Bug 1594456

Summary: spice GL causes zombie qemu process
Product: [Community] Virtualization Tools Reporter: Toolybird <toolybird>
Component: libvirtAssignee: Libvirt Maintainers <libvirt-maint>
Status: CLOSED CURRENTRELEASE QA Contact:
Severity: unspecified Docs Contact:
Priority: unspecified    
Version: unspecifiedCC: eskultet, fjin, libvirt-maint, marcandre.lureau, yafu
Target Milestone: ---   
Target Release: ---   
Hardware: x86_64   
OS: Linux   
Whiteboard:
Fixed In Version: Doc Type: If docs needed, set a value
Doc Text:
Story Points: ---
Clone Of: Environment:
Last Closed: 2019-07-03 08:42:56 UTC Type: Bug
Regression: --- Mount Type: ---
Documentation: --- CRM:
Verified Versions: Category: ---
oVirt Team: --- RHEL 7.3 requirements from Atomic Host:
Cloudforms Team: --- Target Upstream Version:
Embargoed:
Attachments:
Description Flags
xml dump
none
log file
none
debug log file with 1:qemu none

Description Toolybird 2018-06-23 05:56:59 UTC
Created attachment 1453897 [details]
xml dump

Description of problem:
  
This is on Arch Linux so the bug could well be in Arch configuration. Would appreciate any pointers on how to debug.

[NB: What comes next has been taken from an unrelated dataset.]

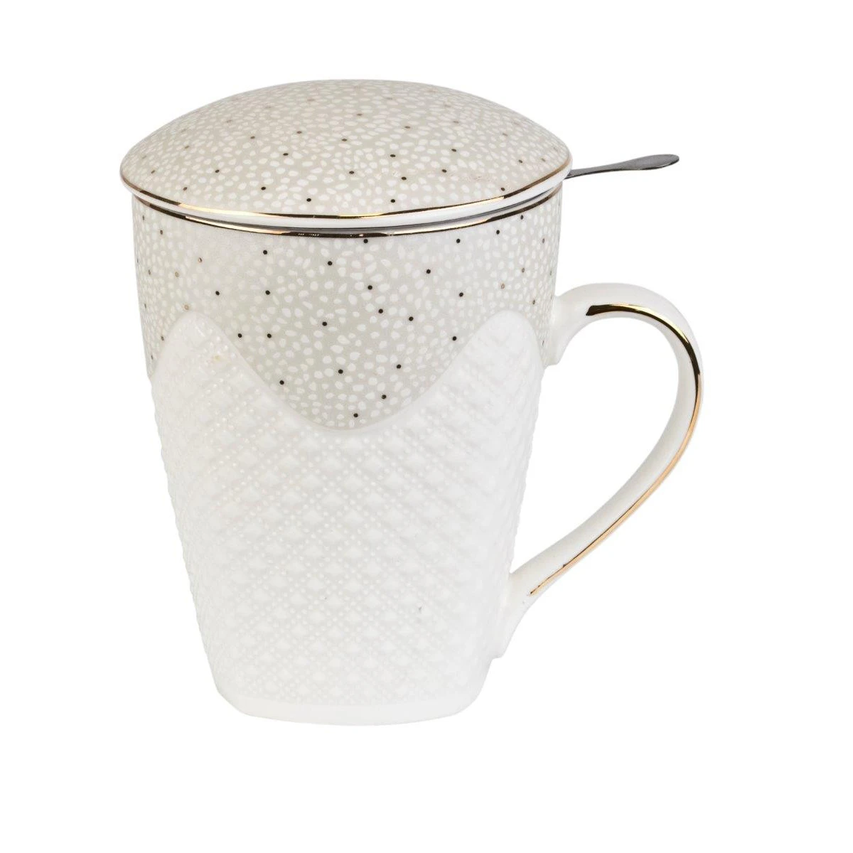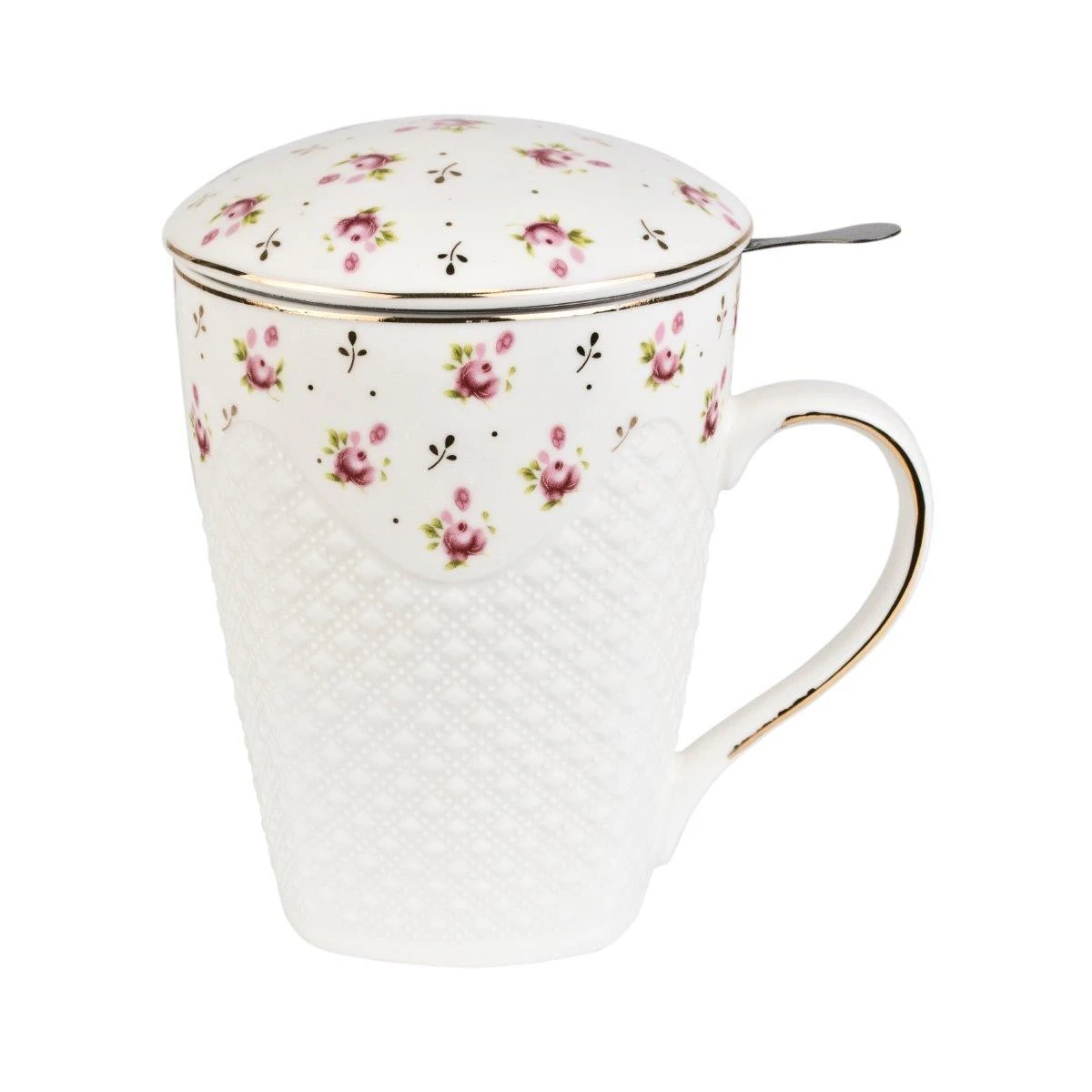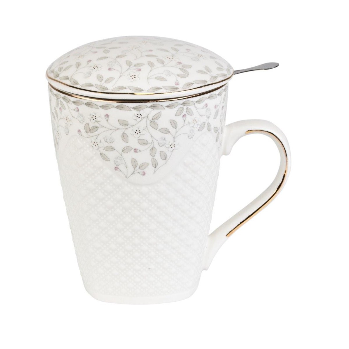 Kvalitný porcelánový hrnček s poklopom a nerezovým sitkom na vylúhovanie čaju. Objem 430ml.

. virgl works with plain qemu (-vga virtio -display gtk,gl=on)
. virgl works with spice / remote-viewer (-device virtio-vga,virgl=on \
    -spice gl=on,unix,addr=/run/user/1000/spice.sock,disable-ticketing)

However, when using virt-manager / virsh, the VM does not start and I am instead left with an apparently crashed qemu process:

# ps aux | grep qemu
nobody    7675  0.0  0.0      0     0 ?        Zl   15:35   0:00 [qemu-system-x86] <defunct>

(Arch build uses --with-qemu-user=nobody --with-qemu-group=kvm)

Latest released versions of everything:

libvirt-4.4.0
qemu-2.12.0
virglrenderer-0.6.0
mesa-18.1.2
linux-4.17.2

xml dump and log file attached.
Thanks

Comment 1 Toolybird 2018-06-23 05:58:21 UTC
Created attachment 1453898 [details]
log file

Comment 2 Toolybird 2018-06-23 06:15:38 UTC
PS. The permission denied thing at the end of log file is a red herring. I had previously added env var MESA_GLSL_CACHE_DISABLE=true to the xml which got rid of the error but didn't solve the problem.

Comment 3 Toolybird 2018-06-24 00:55:51 UTC
Created attachment 1454087 [details]
debug log file with 1:qemu

I added some logging to libvirtd (log_filters="1:qemu") and it seems the process chokes when libvirtd attaches to the QEMU monitor and executes "qmp_capabilities"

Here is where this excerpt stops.